Weinberg has written on the drug war in publications including the New York Times, The Nation and New York Newsday. He was also the news editor of High Times, a magazine covering subjects such as cannabis cultivation, legalization of marijuana and the worldwide impact of the drug war.
Weinberg drew attention to the timing of U.S. intervention in foreign countries in the name of "the war on drugs," which began just as intervention in the name of the war on Commnism was drawing to a close.
Because of the drug war, foreign aid from the U.S. government has fallen into the hands of illegal paramilitary units, who violate the human rights of many indigenous people, according to Weinberg.
"We as American citizens hold a tremendous amount of responsibility for human rights atrocities," said Weinberg.
He said that he believes that much of the U.S. anti-drug aid is used in an unnecessarily violent, martial manner to deal with the drug crisis.
Weinberg said that President Bill Clinton's $1.3 billion aid package lacked human rights standards, noting that the week after Congress agreed to the aid, Clinton struck the human rights provision, including international oversight, from the agreement, claiming that the human rights provision was slowing down the attempts to deal with the drug trafficking situation in Colombia.
He also discussed his work in the southern Mexican Zapatista movement, which has won him national acclaim and is the focus of his recent book, Homage to the Chiapas: New Indigenous Struggles in Mexico.
Weinberg began by defining the term "narco-imperialism" as an inversion of "narco-terrorism," pointing out that the current U.S. Drug Czar, Barry McCaffrey, head of the Office of National Drug Control Policy, was a former general in the U.S. army.
Rather than truly fighting a war on drugs, he points out that illegal paramilitary groups use U.S. financial aid to quash revolutionary political movements for the independence of indigenous people and to relocate indigenous people for the sake of oil.
"Unharmed indigenous communities are rounded up," said Weinberg. "It's about crushing revolutionary riots."
The attacks of these paramilitary groups on indigenous communities are outlawed, as are guerrilla groups that deal in drug trafficking. The government's official line is that it will crack down on both groups, but in reality it only focuses on the guerrillas, according to Weinberg.
Weinberg said that the U.S. press barely touched upon the massive relocation and massacre of indigenous groups in countries where the war on drugs is going on, while it was highly vocal about similar events in the Balkans.
"When it happens to white people in the Balkans, it's on the front page of the New York Times day after day, but when it happens in Guatemala, no one calls it genocide," said Weinberg.
Weinberg said that he believes that at the root of these unaided human rights violations is a conspiracy backed by U.S. financial institutions. He claimed that Occidental Petroleum and BP Amoco are main groups whose interests lie in the relocation of indigenous groups.
Weinberg's investigations have found that Occidental pays money to the Colombian government to send in military groups, who then illegally attack and relocate native peoples living on oil-rich land. These oil companies then lobby in Washington for America to take an active part in the war on drugs.
"Our taxes are funding this," said Weinberg.
This is especially important for the current elections, since Vice-President Al Gore is considered Occidental's biggest ally in Washington, Weinberg said. The Gore family has approximately $500,000 to $1 million in Occidental stock and Occidental paid Gore $20 million for mineral rights on his Tennessee property.
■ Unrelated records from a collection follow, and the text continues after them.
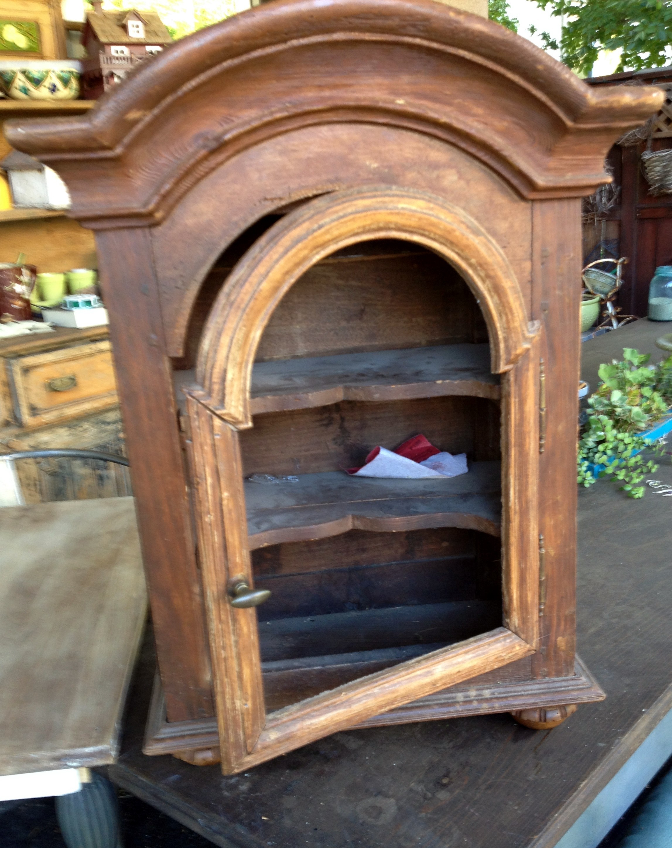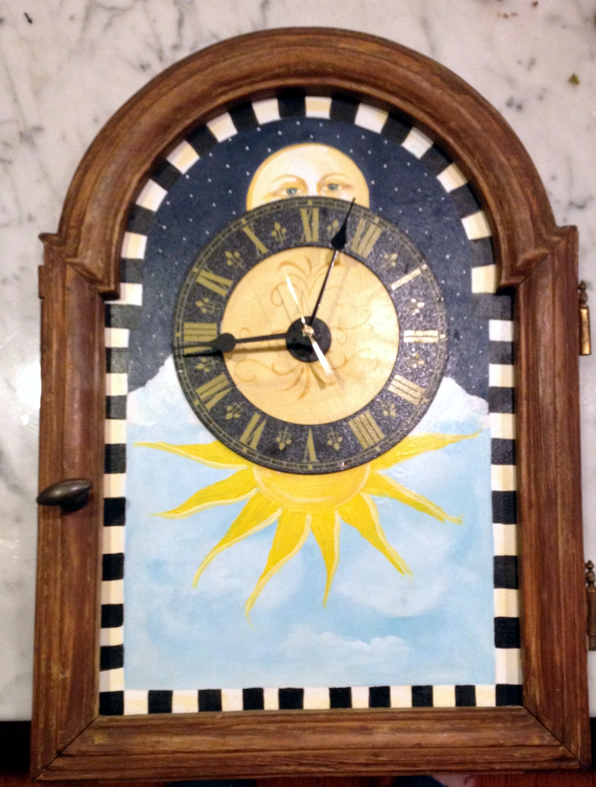 Two years ago for Christmas I received a beautiful little cabinet from Dan for Christmas. It was a great gift, it was the kind of gift where I saw it in a store and…bought it, called Dan, and  said, “You can give it to me for Christmas.” Like I said, it was a great gift. From the minute I saw this little cabinet I thought, “Grandfather Clock”. Now that we are embarking on our business I am taking all the ideas that have been laying in wait in the recesses of my brain and putting them into action. The crib/ bench was one of them. The next idea is my Grandfather clock/bookcase. The cabinet appears to have had glass in the door at some point in its life, but when I bought it the frame on the front was empty. My partner in life and in creativity, aka Dan, helps me bring my ideas to life. We went to the store and purchased wood to create a bookcase to put under the cabinet. Today we made that bookcase, and then laughed our behinds off. The bookcase is fine, but when you put the cabinet on top it becomes a clock for the Jolly Green Giant. It has to be eight feet tall. What can I say, sometimes I just don’t think. We need the bookcase, so it won’t go to waste. (Without the cabinet on top it is six feet tall.) Tomorrow we will be returning to the store to create the four-foot bookcase we need. Dan also cut a panel from MDF for the frame opening. It is my project for tonight. The clock face for my cabinet. I can’t wait to make the smaller bookcase in the morning and add it to my cabinet. I have some really great ideas to finish it off.10 22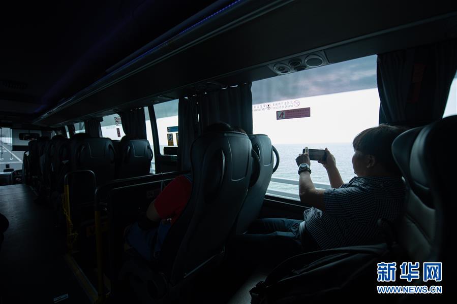 10月24日上午,一名乘客在往香港方向的港珠澳大橋穿梭巴士上拍照。2018年10月23日,港珠澳大橋正式開通。新華社記者張金加攝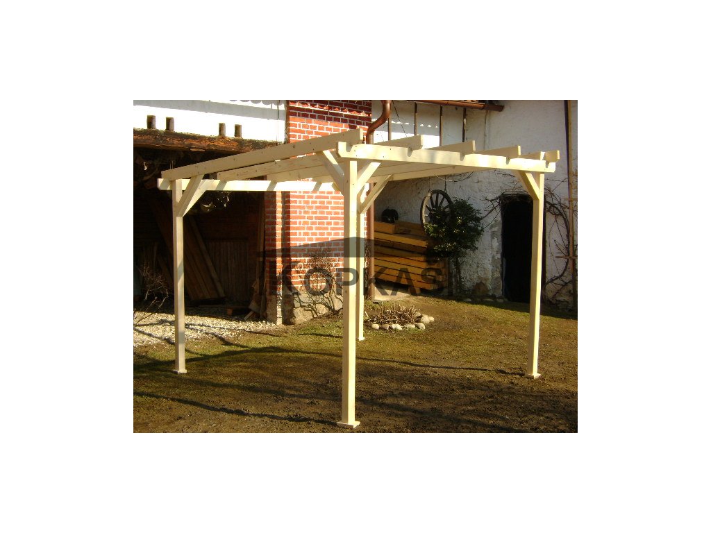 - Stojky pergoly jsou vyrobené z masivních smrkových hranolů 95 x 95 mm.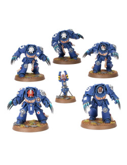 Con este kit multicomponente de plástico puedes montar cinco Exterminadores de Asalto y su baliza de teleportación para tus ejércitos de Marines Espaciales de Warhammer 40,000. Ataviados con las mejores armaduras, son casi inmunes al fuego de las armas más pequeñas, y por su parte reparten una gran cantidad de daño. La unidad puede ir armada con martillos de trueno y escudos de tormenta, ideales para acabar con los objetivos más grandes y resistentes, o con garras relámpago dobles para despedazar a las hordas de tropas enemigas.

Weinberg said that he found it ironic that Gore, who is known as an environmentalist, would support a company that destroys the fragile ecosystem in Latin America.
Weinberg also accused Textron and United Technologies, large U.S. weapons manufacturing firms, of benefiting from the war on drugs.
Herbicide manufacturers such as Monsanto benefit from selling herbicides that kill drug plants, according to Weinberg. The negative side of these drug killers is that indigenous communities are often sprayed, destroying their food crops and compromising their health.
Weinberg said people near a site that was sprayed have been known to vomit for days.
The U.S. is currently planning to fund the use of mycoherbicides that will be spread over Colombia's coca-plant and opium-poppy fields, Weinberg said. Of particular note is a genetically-altered fungus which mutates quickly, making it likely to be disastrous to biodiversity, according to Weinberg.
Weinberg discussed the issues in the poor southern area of Chiapas, Mexico, where a World Bank program promoting the growth of the cattle industry relocated the indigenous people to less fertile lands and to tropical areas of the rainforest that had been previously closed. According to Weinberg, the atrocities of paramilitary violence and government relocation continue.